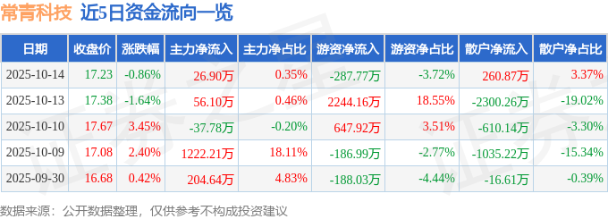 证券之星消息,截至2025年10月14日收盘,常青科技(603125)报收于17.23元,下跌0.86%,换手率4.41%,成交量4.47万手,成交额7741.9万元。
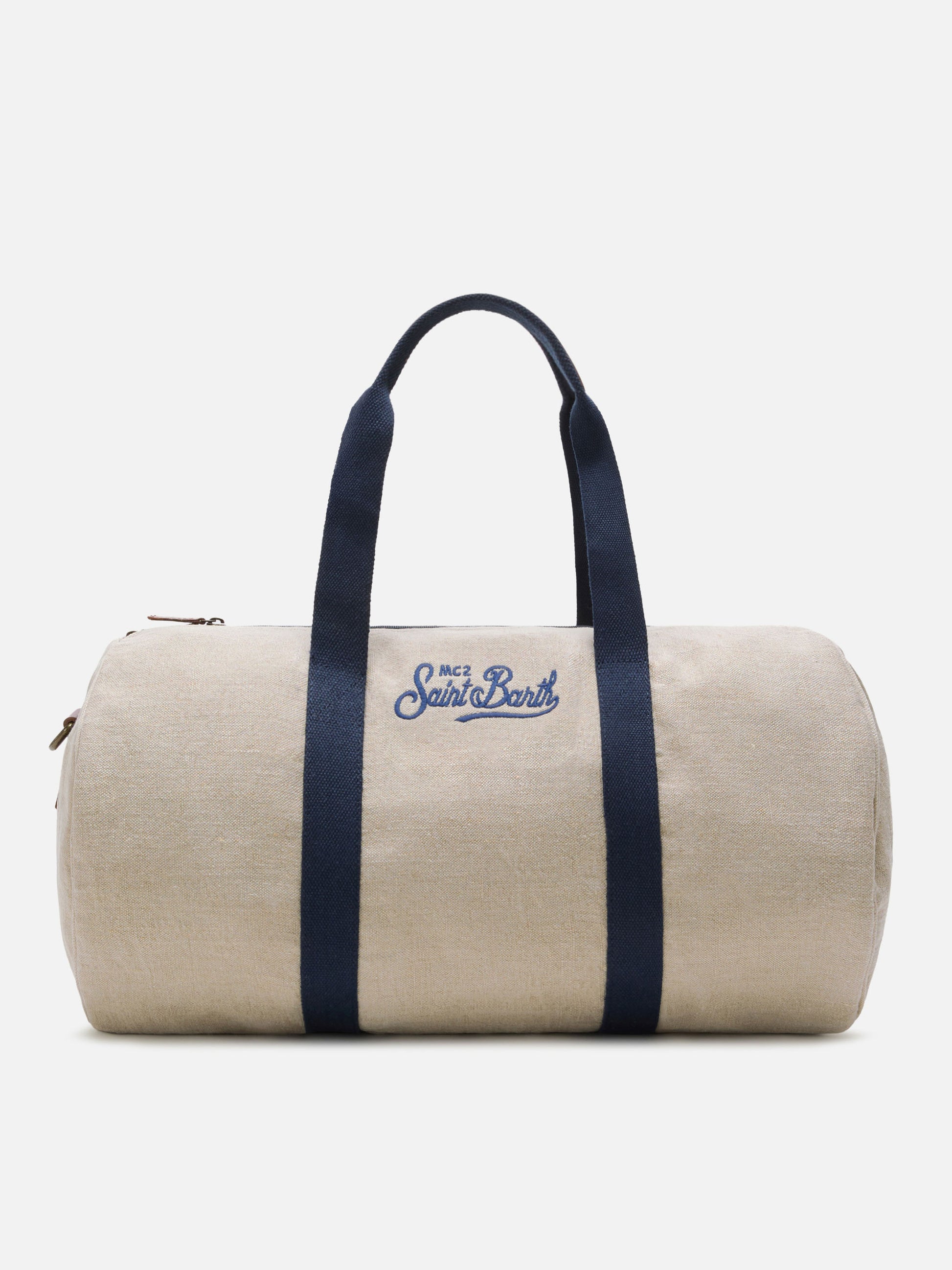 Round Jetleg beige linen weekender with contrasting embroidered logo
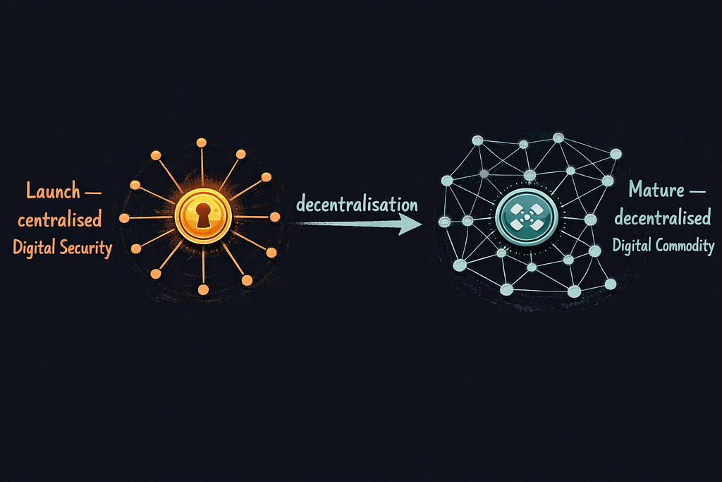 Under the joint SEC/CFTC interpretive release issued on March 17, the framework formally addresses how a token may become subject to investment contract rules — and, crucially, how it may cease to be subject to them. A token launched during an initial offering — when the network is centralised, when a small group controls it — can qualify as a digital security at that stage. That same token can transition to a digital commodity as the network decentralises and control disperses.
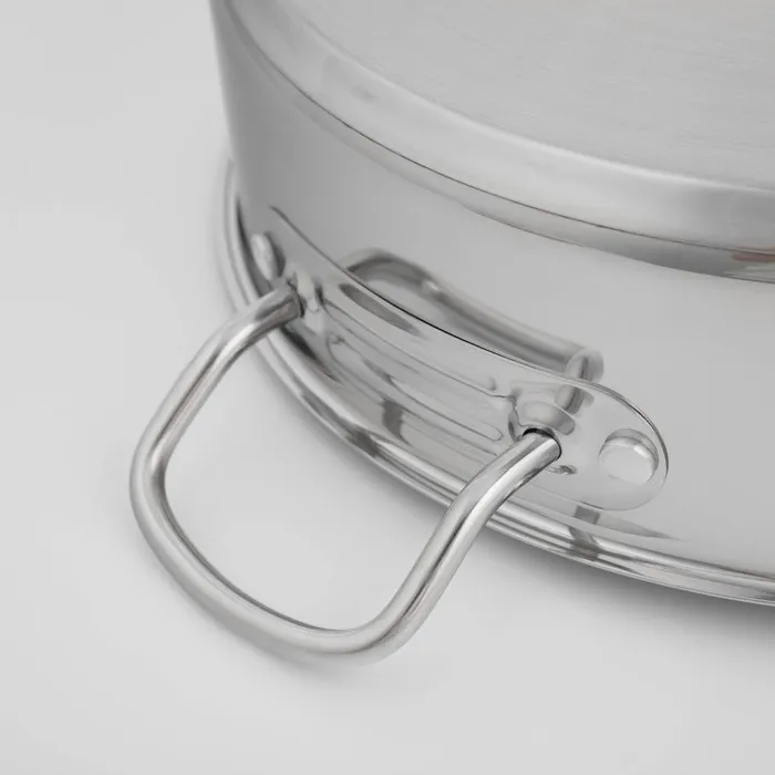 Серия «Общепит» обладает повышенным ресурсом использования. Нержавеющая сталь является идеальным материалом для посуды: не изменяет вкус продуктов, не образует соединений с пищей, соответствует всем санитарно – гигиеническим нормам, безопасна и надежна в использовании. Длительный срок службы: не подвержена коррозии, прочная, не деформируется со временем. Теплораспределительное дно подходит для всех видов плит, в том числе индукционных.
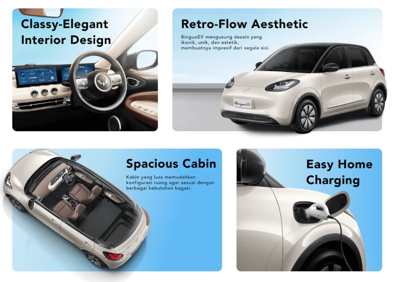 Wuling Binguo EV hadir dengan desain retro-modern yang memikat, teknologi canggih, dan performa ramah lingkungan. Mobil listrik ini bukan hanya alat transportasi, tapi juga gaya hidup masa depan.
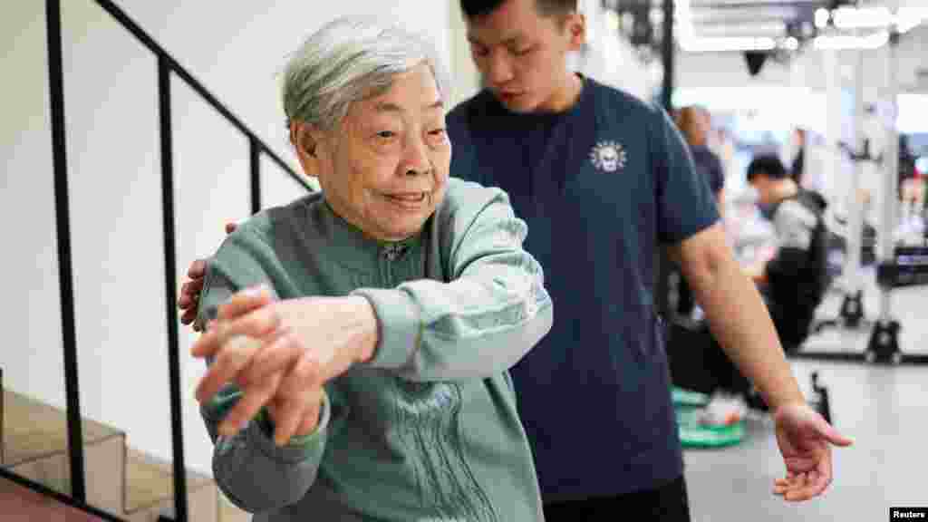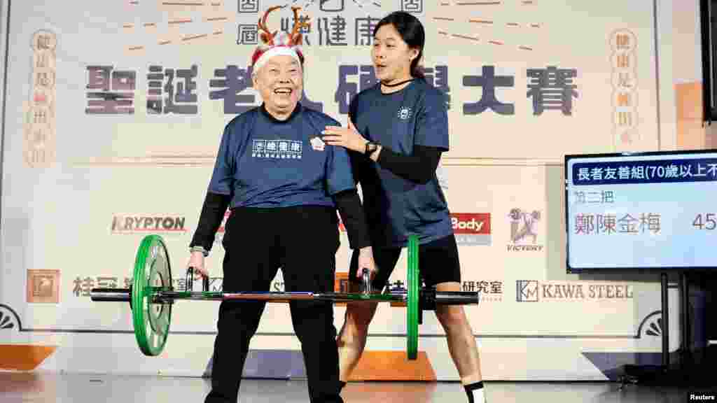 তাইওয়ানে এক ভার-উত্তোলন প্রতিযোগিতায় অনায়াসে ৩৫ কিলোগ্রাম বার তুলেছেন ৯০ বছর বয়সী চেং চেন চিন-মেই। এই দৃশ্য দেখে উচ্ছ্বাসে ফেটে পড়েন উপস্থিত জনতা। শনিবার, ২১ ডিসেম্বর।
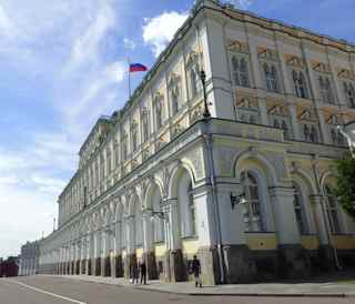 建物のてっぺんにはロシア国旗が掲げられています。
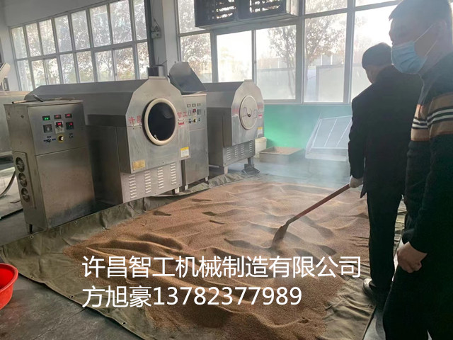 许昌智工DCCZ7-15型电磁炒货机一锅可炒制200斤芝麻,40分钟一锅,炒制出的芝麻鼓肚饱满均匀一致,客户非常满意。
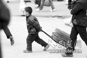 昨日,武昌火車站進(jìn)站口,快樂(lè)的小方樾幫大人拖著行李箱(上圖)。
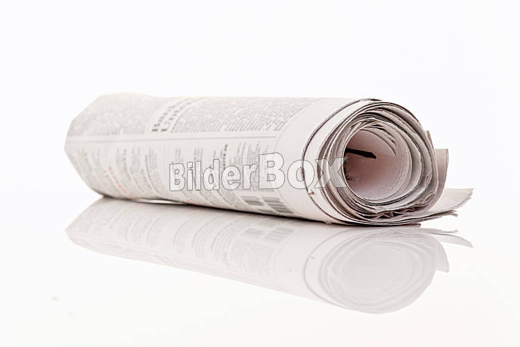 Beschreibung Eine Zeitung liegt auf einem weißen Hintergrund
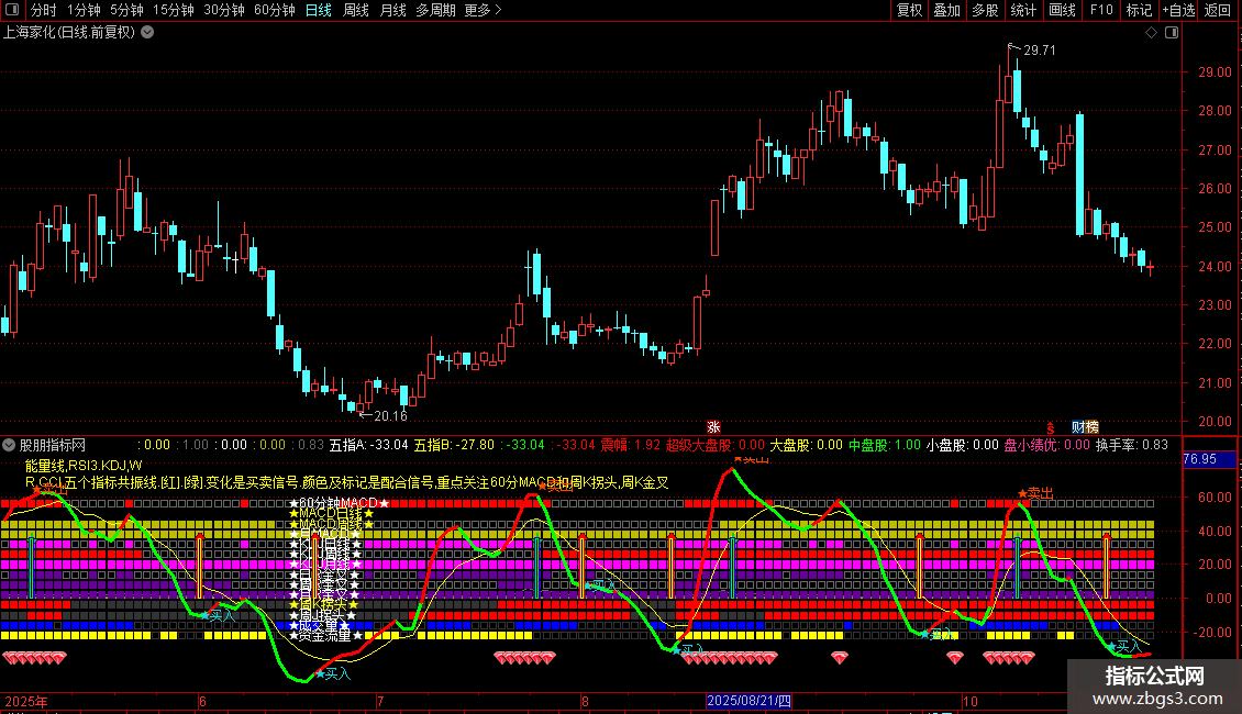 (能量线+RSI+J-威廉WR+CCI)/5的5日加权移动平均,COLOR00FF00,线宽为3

════════════════════

• [Problem description]: Everything in the listing except the pictures must be reproduced exactly.

• [Answer section]:
 证券之星消息,截至2025年10月14日收盘,常青科技(603125)报收于17.23元,下跌0.86%,换手率4.41%,成交量4.47万手,成交额7741.9万元。
 Round Jetleg beige linen weekender with contrasting embroidered logo
 Under the joint SEC/CFTC interpretive release issued on March 17, the framework formally addresses how a token may become subject to investment contract rules — and, crucially, how it may cease to be subject to them. A token launched during an initial offering — when the network is centralised, when a small group controls it — can qualify as a digital security at that stage. That same token can transition to a digital commodity as the network decentralises and control disperses.
 Серия «Общепит» обладает повышенным ресурсом использования. Нержавеющая сталь является идеальным материалом для посуды: не изменяет вкус продуктов, не образует соединений с пищей, соответствует всем санитарно – гигиеническим нормам, безопасна и надежна в использовании. Длительный срок службы: не подвержена коррозии, прочная, не деформируется со временем. Теплораспределительное дно подходит для всех видов плит, в том числе индукционных.
 Wuling Binguo EV hadir dengan desain retro-modern yang memikat, teknologi canggih, dan performa ramah lingkungan. Mobil listrik ini bukan hanya alat transportasi, tapi juga gaya hidup masa depan.
 তাইওয়ানে এক ভার-উত্তোলন প্রতিযোগিতায় অনায়াসে ৩৫ কিলোগ্রাম বার তুলেছেন ৯০ বছর বয়সী চেং চেন চিন-মেই। এই দৃশ্য দেখে উচ্ছ্বাসে ফেটে পড়েন উপস্থিত জনতা। শনিবার, ২১ ডিসেম্বর।
 建物のてっぺんにはロシア国旗が掲げられています。
 许昌智工DCCZ7-15型电磁炒货机一锅可炒制200斤芝麻,40分钟一锅,炒制出的芝麻鼓肚饱满均匀一致,客户非常满意。
 昨日,武昌火車站進(jìn)站口,快樂(lè)的小方樾幫大人拖著行李箱(上圖)。
 Beschreibung Eine Zeitung liegt auf einem weißen Hintergrund
 (能量线+RSI+J-威廉WR+CCI)/5的5日加权移动平均,COLOR00FF00,线宽为3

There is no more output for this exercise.